* INPUT RECORDS
════

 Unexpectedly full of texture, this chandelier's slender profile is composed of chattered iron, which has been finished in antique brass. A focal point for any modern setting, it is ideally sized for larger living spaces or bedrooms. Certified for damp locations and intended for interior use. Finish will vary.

════

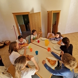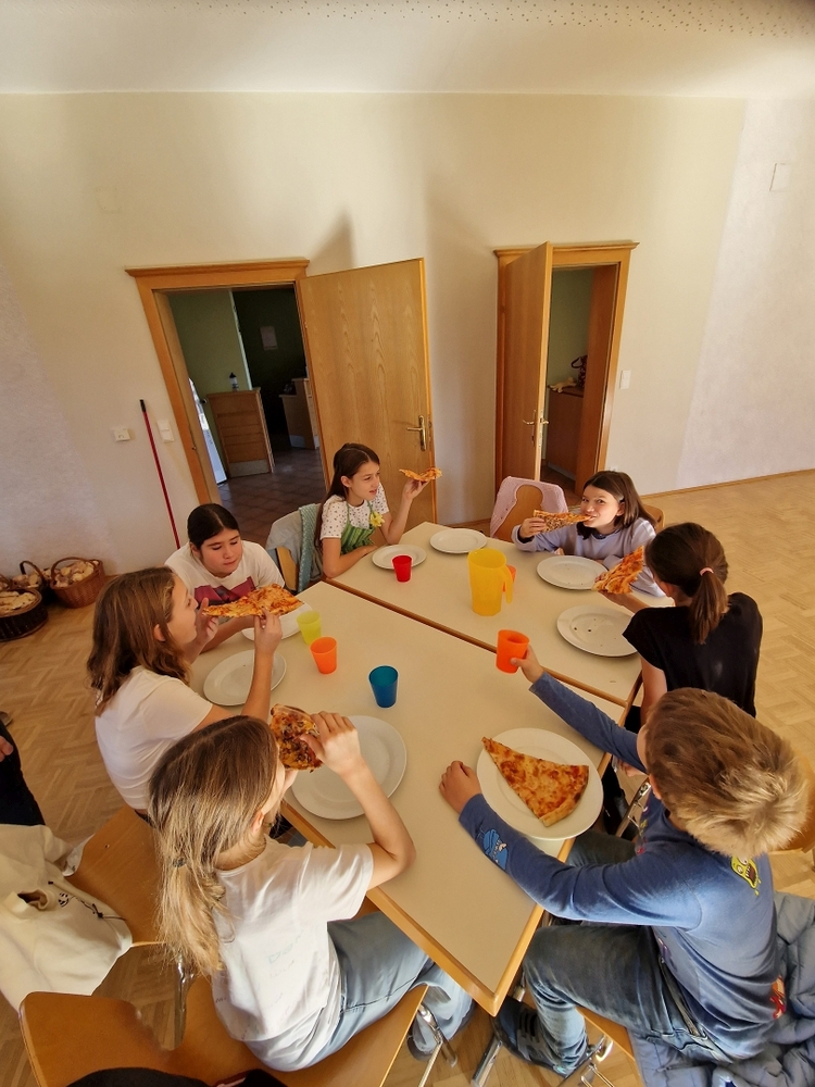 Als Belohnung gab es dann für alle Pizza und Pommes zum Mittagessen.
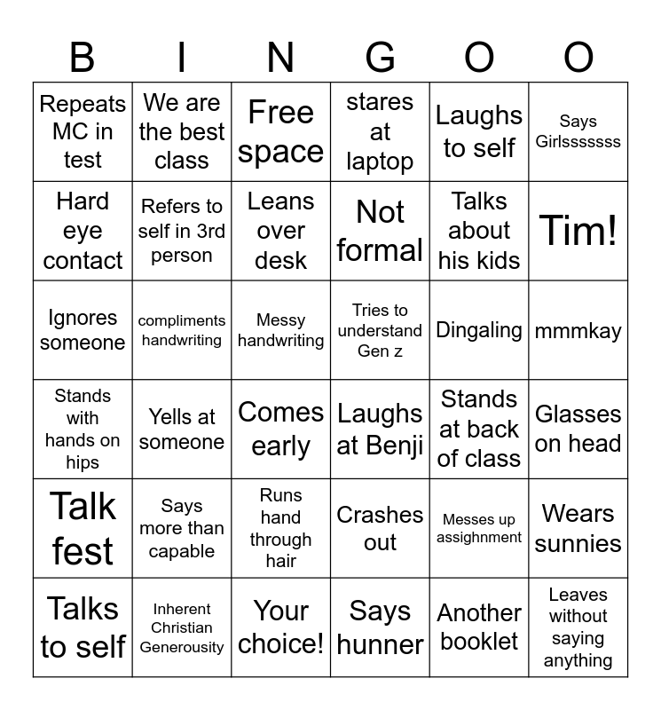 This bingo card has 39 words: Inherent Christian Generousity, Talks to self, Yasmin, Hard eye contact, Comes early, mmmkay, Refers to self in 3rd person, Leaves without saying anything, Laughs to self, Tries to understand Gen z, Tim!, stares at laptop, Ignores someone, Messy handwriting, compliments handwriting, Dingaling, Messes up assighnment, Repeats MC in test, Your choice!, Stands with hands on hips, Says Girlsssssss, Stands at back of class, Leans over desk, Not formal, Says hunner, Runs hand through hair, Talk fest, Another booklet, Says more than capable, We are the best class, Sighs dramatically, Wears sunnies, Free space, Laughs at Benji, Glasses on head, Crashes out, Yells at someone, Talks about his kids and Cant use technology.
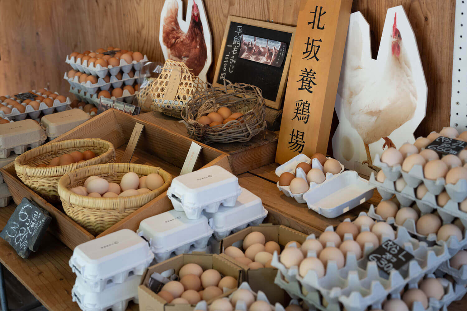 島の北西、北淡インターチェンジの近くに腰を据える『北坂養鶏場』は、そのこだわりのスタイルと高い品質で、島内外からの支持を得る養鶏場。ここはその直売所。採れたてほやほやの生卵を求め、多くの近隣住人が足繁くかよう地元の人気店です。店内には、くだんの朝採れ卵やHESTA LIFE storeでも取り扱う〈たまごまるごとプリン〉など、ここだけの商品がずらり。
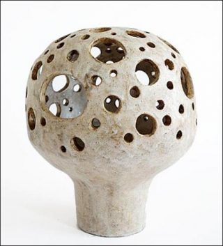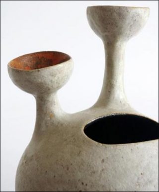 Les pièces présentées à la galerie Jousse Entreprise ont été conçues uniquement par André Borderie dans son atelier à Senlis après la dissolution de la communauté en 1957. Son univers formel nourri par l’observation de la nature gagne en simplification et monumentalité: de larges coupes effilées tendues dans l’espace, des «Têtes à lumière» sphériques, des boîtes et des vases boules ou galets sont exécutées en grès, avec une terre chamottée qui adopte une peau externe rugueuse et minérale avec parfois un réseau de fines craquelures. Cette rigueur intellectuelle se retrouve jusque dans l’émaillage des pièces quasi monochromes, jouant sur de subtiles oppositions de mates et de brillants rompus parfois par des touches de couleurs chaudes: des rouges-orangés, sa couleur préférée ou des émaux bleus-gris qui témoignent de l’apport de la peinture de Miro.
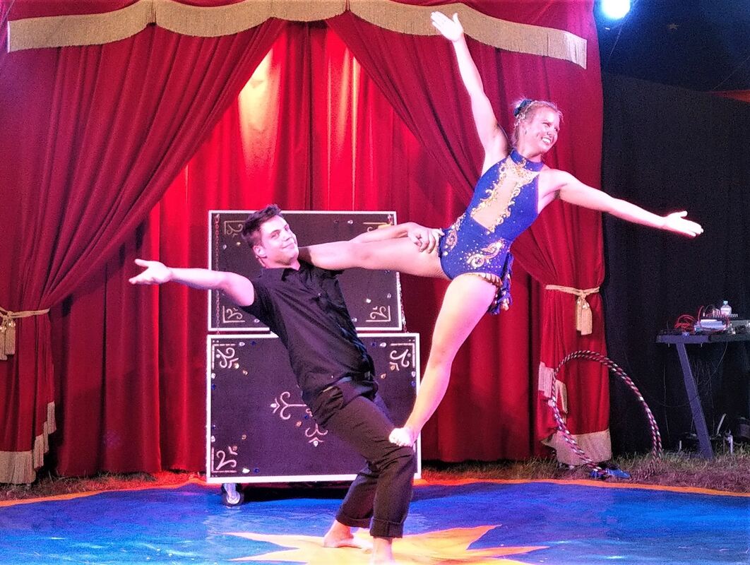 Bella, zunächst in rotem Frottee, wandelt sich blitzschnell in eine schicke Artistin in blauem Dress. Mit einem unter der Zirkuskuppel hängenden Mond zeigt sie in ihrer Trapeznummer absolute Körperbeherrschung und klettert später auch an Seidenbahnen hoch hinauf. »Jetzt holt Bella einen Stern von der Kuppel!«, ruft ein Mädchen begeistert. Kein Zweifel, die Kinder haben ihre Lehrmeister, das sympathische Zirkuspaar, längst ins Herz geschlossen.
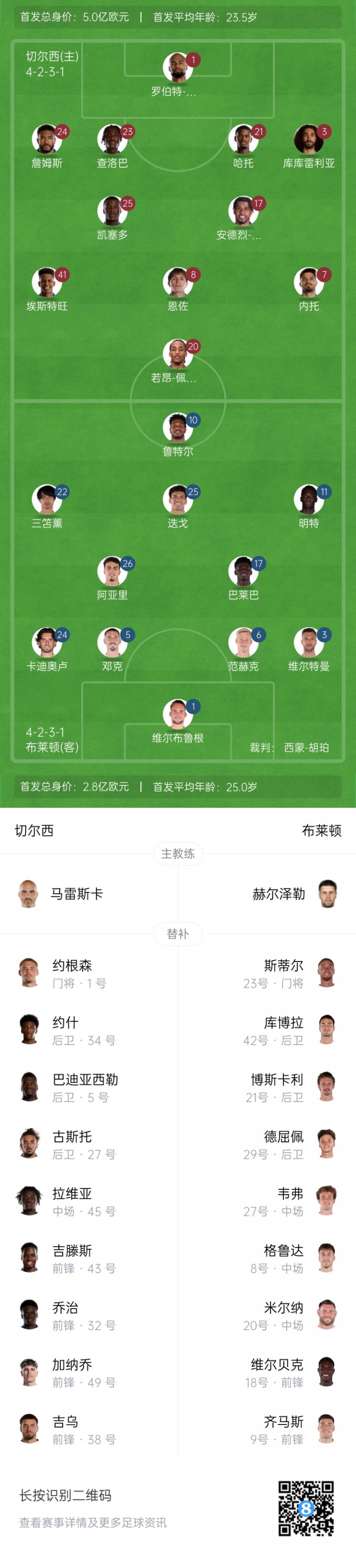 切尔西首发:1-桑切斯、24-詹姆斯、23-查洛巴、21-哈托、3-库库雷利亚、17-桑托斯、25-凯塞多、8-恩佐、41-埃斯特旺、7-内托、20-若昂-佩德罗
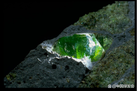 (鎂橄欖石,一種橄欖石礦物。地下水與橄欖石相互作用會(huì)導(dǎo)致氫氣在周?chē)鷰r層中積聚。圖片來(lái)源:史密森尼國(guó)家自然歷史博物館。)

════

* EXERCISE
In the records above, everything from the line with "切尔西首发:1-桑切斯、24" down to the line with "(鎂橄欖石,一種橄欖石礦物。" is to be set down exactly, both ends included, with no pictures and no other lines.

* ANSWER BOX
 切尔西首发:1-桑切斯、24-詹姆斯、23-查洛巴、21-哈托、3-库库雷利亚、17-桑托斯、25-凯塞多、8-恩佐、41-埃斯特旺、7-内托、20-若昂-佩德罗
 (鎂橄欖石,一種橄欖石礦物。地下水與橄欖石相互作用會(huì)導(dǎo)致氫氣在周?chē)鷰r層中積聚。圖片來(lái)源:史密森尼國(guó)家自然歷史博物館。)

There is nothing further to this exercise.